We also searched for other z ≳ 5.0 quasars with rest-frame FIR observations in the literature and found 33 more quasars not included in Leipski et al. (2014) (hereafter sample B). The majority of them have been listed in Calura et al. (2014), except for RD J0301+0020 and TN J0924–2201. We collected all available observations on dust continuum, as well as the UV/optical continuum (Bertoldi & Cox 2002; Petric et al. 2003; Wang et al. 2008a, 2011b, 2011c, 2013; Omont et al. 2013; Willott et al. 2013, 2015; Barnett et al. 2015). Because of the lack of constraints on the NIR and MIR bands, we did not make full fits as for the cases in sample-A, but scaled the templates to some specific data points. For the AGN component, considering the potential extinction effect and possible lack of hot dust emission (to be discussed in Section 5), we scale the template to the data point at which yields a maximum AGN luminosity. For the host component, we scale the Haro 11 template to the data point at λrest > 50 μm, which yields a minimum IR luminosity.

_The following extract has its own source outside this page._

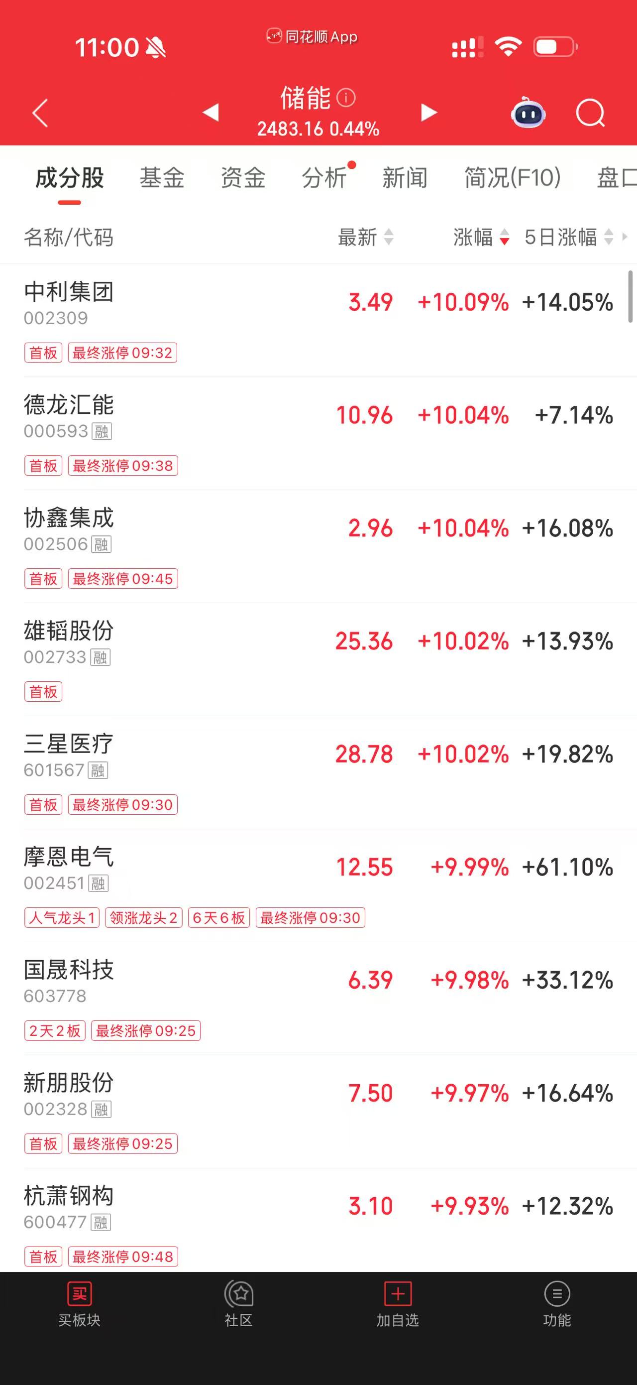 截至當(dāng)日上午11時,中來股份(300393)達成“20cm”漲停,中利集團(002309)、德龍匯能(000593)、雄韜股份(002733)、協(xié)鑫集成(002506)、三星醫(yī)療(601567)、摩恩電氣(002451)、國晟科技(603778)、新朋股份(002328)、杭蕭鋼構(gòu)(600477)、拓日新能(002218)、金辰股份(603396)、海螺新材(000619)、華光環(huán)能(600475)、三孚股份(603938)紛紛漲停。

Then we calculated their total IR luminosities, the fraction of host contribution, and SFRs, as summarized in Table 4. Compared with sample-A, sample-B contains less luminous quasars (mainly contributed by the Canada–France High-z Quasar Survey; see Omont et al. 2013 and references therein) and consists almost entirely of quasars at z > 5.7.
Table 4. SED Decomposition Results for 33 z ≳ 5.0 Quasars (Sample-B)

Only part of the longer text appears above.